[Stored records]
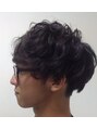 サイドとバックを刈り上げた2ブロ。パーマはルーズな感じにエッジのきいたスタイル!
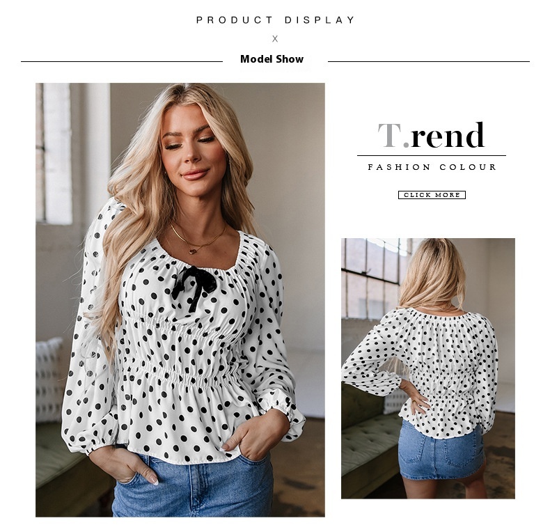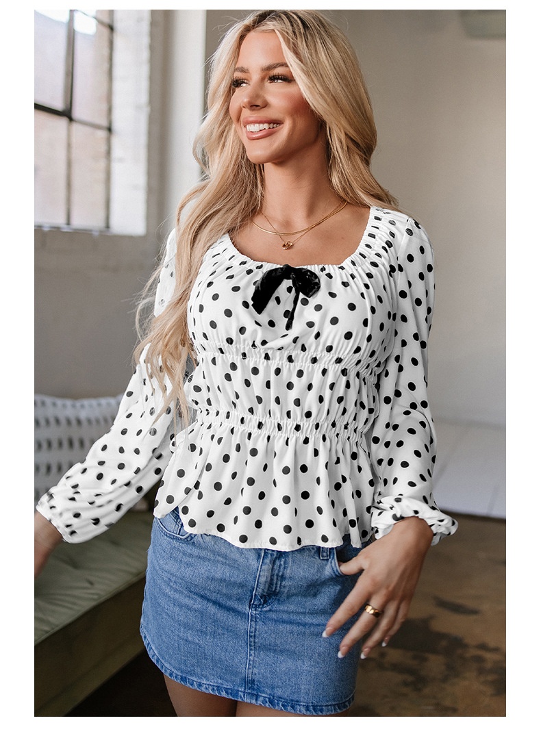 Women's Loose Bundle Casual Square Collar Polka Dot Long Sleeve Shirt
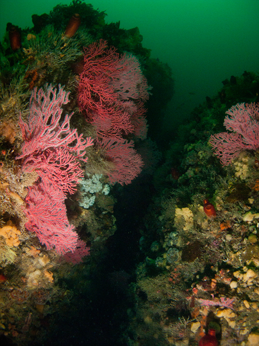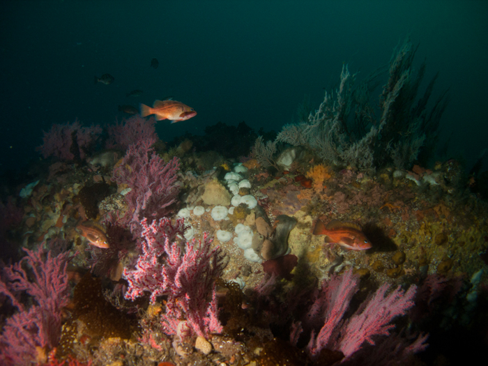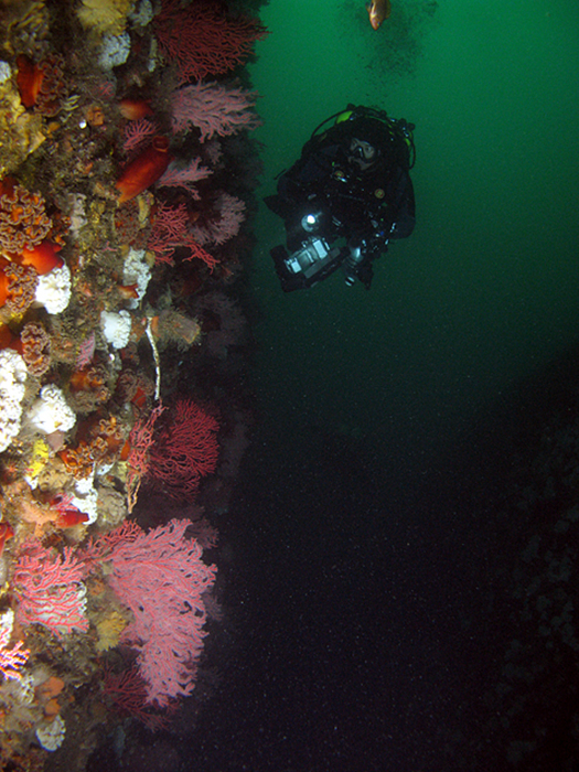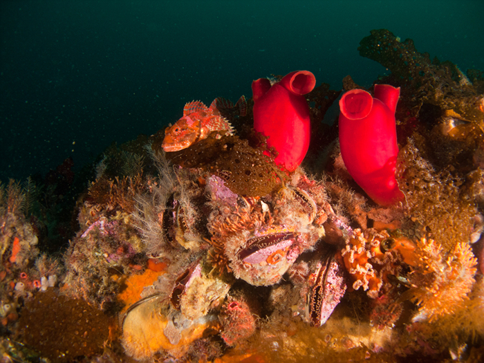다양한 종의 해양생물을 볼 수 있는 것이 섭바위 포인트의 매력인데 수온이 올라가면 다른 포인트에서 볼 수 없는 개복치, 물개, 돌고래 떼도 가끔 목격되고, 심해 어종인 미터 급 대구를 심심찮게 볼 수 있습니다. 섭바위의 암반은 섭과 비단멍게로 뒤덮여 있으며 섬유세닐말미잘, 부채뿔산호 등의 고착생물이 빼곡히 서식하고 있습니다.
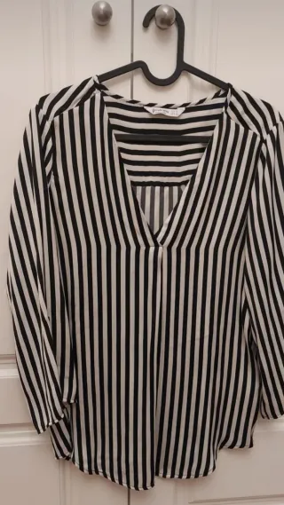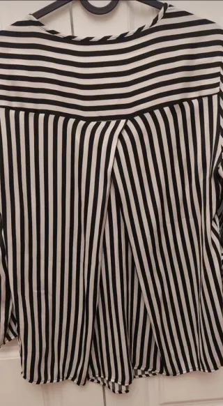 Blusa de rayas tipo raso,súper suave, largo 65, hombros 42, pecho 46, cadera 54, escote en pico, con canesú por detrás con pliegue, maga de largo 46 con opción de recoger, 100% poliester, usada 3 veces.
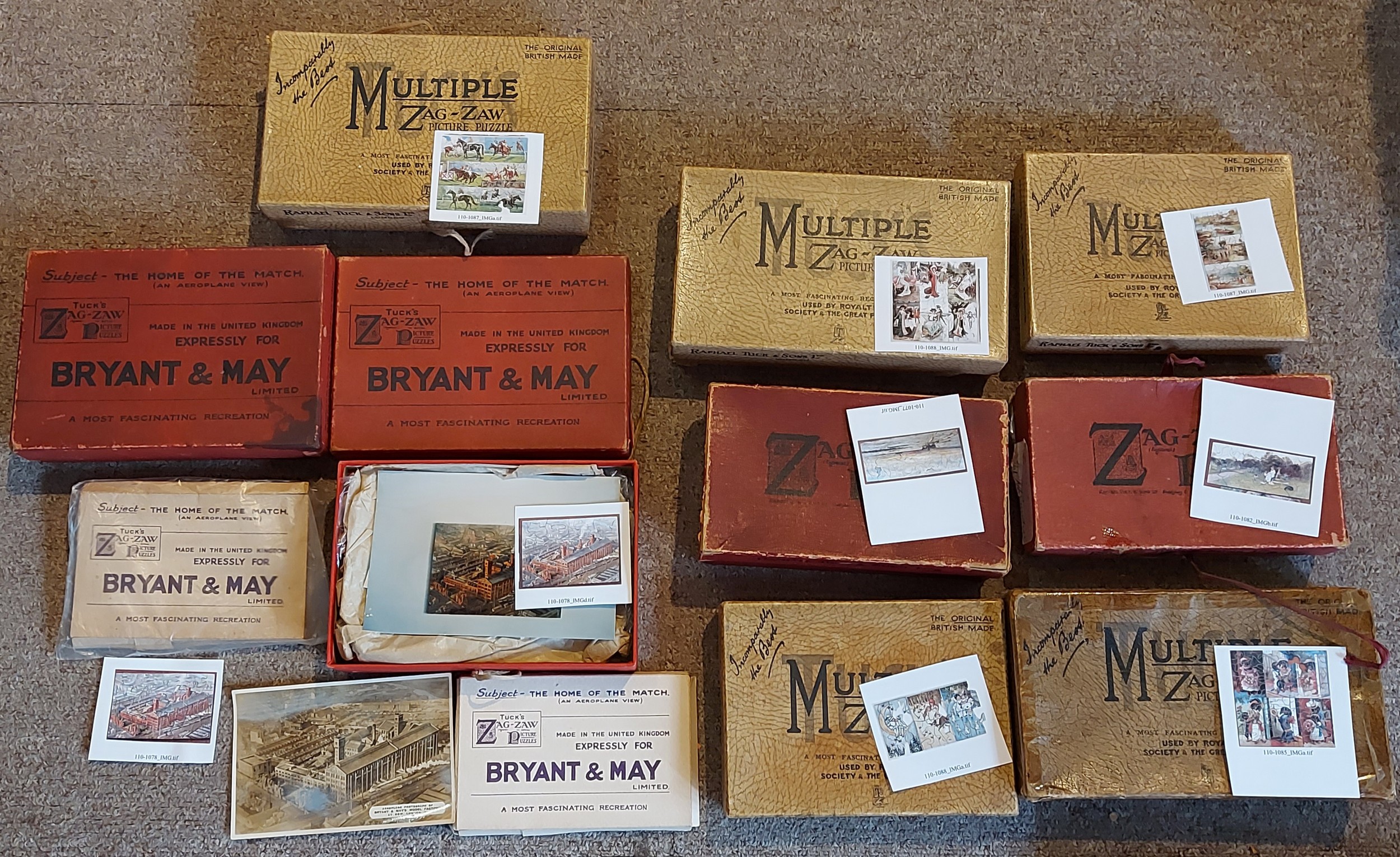 A Raphael Tuck and Sons Zag-Zaw Jigsaw puzzle For Bryant & May together with another and seven other Zag-Zaw puzzles
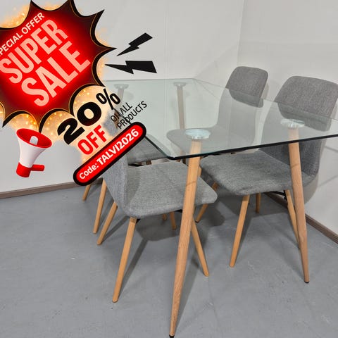 Ruokapöytä harmaalla pinnalla ja neljällä harmaalla tuolilla. Pöydän pinta on harmaa viilupinta. Tuolit ovat kankaalla verhoiltuja.
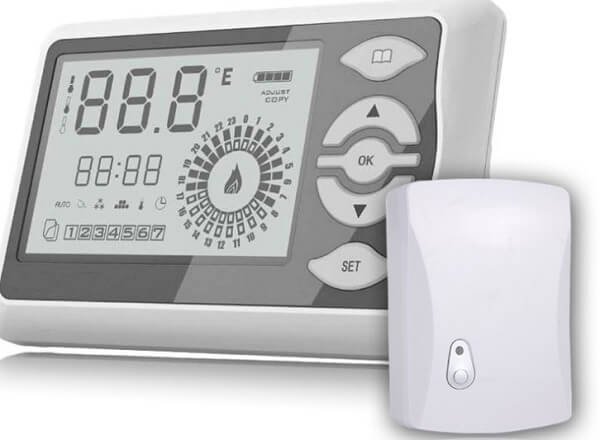 Беспроводные термостаты для котла отопления выполнены в виде приемника и передатчика. Отличительной особенностью изделий такого типа является отсутствие необходимости в прокладке проводки. Сигнал передатчика может поступать на расстояние 20-30 м. Это позволяет устанавливать пульт управления в любом помещении.
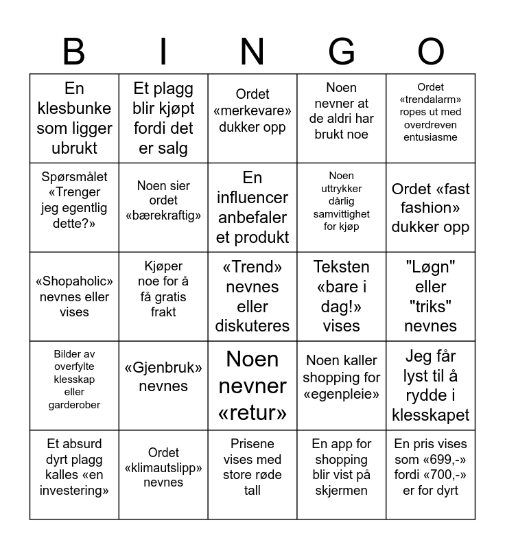 This bingo card has a free space and 28 words: Jeg får lyst til å rydde i klesskapet, «Limited edition» nevnes, Noen uttrykker dårlig samvittighet for kjøp, En app for shopping blir vist på skjermen, Spørsmålet «Trenger jeg egentlig dette?», Ordet «merkevare» dukker opp, Et plagg blir kjøpt fordi det er salg, Bilder av overfylte klesskap eller garderober, Teksten «bare i dag!» vises, Et absurd dyrt plagg kalles «en investering», «Shopaholic» nevnes eller vises, Noen nevner at de aldri har brukt noe, Ordet «klimautslipp» nevnes, Prisene vises med store røde tall, Ordet «fast fashion» dukker opp, Ordet «impulskjøp» blir nevnt, «Gjenbruk» nevnes, Noen sier ordet «bærekraftig», En influencer anbefaler et produkt, Noen nevner «retur», En klesbunke som ligger ubrukt, Klesplagg med lappen fortsatt på, En pris vises som «699,-» fordi «700,-» er for dyrt, Kjøper noe for å få gratis frakt, "Løgn" eller "triks" nevnes, Noen kaller shopping for «egenpleie», Ordet «trendalarm» ropes ut med overdreven entusiasme and En influencer hevder de «alltid har elsket» produktet de fikk i posten i går.

→ **Exercise instructions**: Copy all of the records verbatim, omitting the pictures.

→ **Result for this task**:
 サイドとバックを刈り上げた2ブロ。パーマはルーズな感じにエッジのきいたスタイル!
 Women's Loose Bundle Casual Square Collar Polka Dot Long Sleeve Shirt
다양한 종의 해양생물을 볼 수 있는 것이 섭바위 포인트의 매력인데 수온이 올라가면 다른 포인트에서 볼 수 없는 개복치, 물개, 돌고래 떼도 가끔 목격되고, 심해 어종인 미터 급 대구를 심심찮게 볼 수 있습니다. 섭바위의 암반은 섭과 비단멍게로 뒤덮여 있으며 섬유세닐말미잘, 부채뿔산호 등의 고착생물이 빼곡히 서식하고 있습니다.
 Blusa de rayas tipo raso,súper suave, largo 65, hombros 42, pecho 46, cadera 54, escote en pico, con canesú por detrás con pliegue, maga de largo 46 con opción de recoger, 100% poliester, usada 3 veces.
 A Raphael Tuck and Sons Zag-Zaw Jigsaw puzzle For Bryant & May together with another and seven other Zag-Zaw puzzles
 Ruokapöytä harmaalla pinnalla ja neljällä harmaalla tuolilla. Pöydän pinta on harmaa viilupinta. Tuolit ovat kankaalla verhoiltuja.
 Беспроводные термостаты для котла отопления выполнены в виде приемника и передатчика. Отличительной особенностью изделий такого типа является отсутствие необходимости в прокладке проводки. Сигнал передатчика может поступать на расстояние 20-30 м. Это позволяет устанавливать пульт управления в любом помещении.
 This bingo card has a free space and 28 words: Jeg får lyst til å rydde i klesskapet, «Limited edition» nevnes, Noen uttrykker dårlig samvittighet for kjøp, En app for shopping blir vist på skjermen, Spørsmålet «Trenger jeg egentlig dette?», Ordet «merkevare» dukker opp, Et plagg blir kjøpt fordi det er salg, Bilder av overfylte klesskap eller garderober, Teksten «bare i dag!» vises, Et absurd dyrt plagg kalles «en investering», «Shopaholic» nevnes eller vises, Noen nevner at de aldri har brukt noe, Ordet «klimautslipp» nevnes, Prisene vises med store røde tall, Ordet «fast fashion» dukker opp, Ordet «impulskjøp» blir nevnt, «Gjenbruk» nevnes, Noen sier ordet «bærekraftig», En influencer anbefaler et produkt, Noen nevner «retur», En klesbunke som ligger ubrukt, Klesplagg med lappen fortsatt på, En pris vises som «699,-» fordi «700,-» er for dyrt, Kjøper noe for å få gratis frakt, "Løgn" eller "triks" nevnes, Noen kaller shopping for «egenpleie», Ordet «trendalarm» ropes ut med overdreven entusiasme and En influencer hevder de «alltid har elsket» produktet de fikk i posten i går.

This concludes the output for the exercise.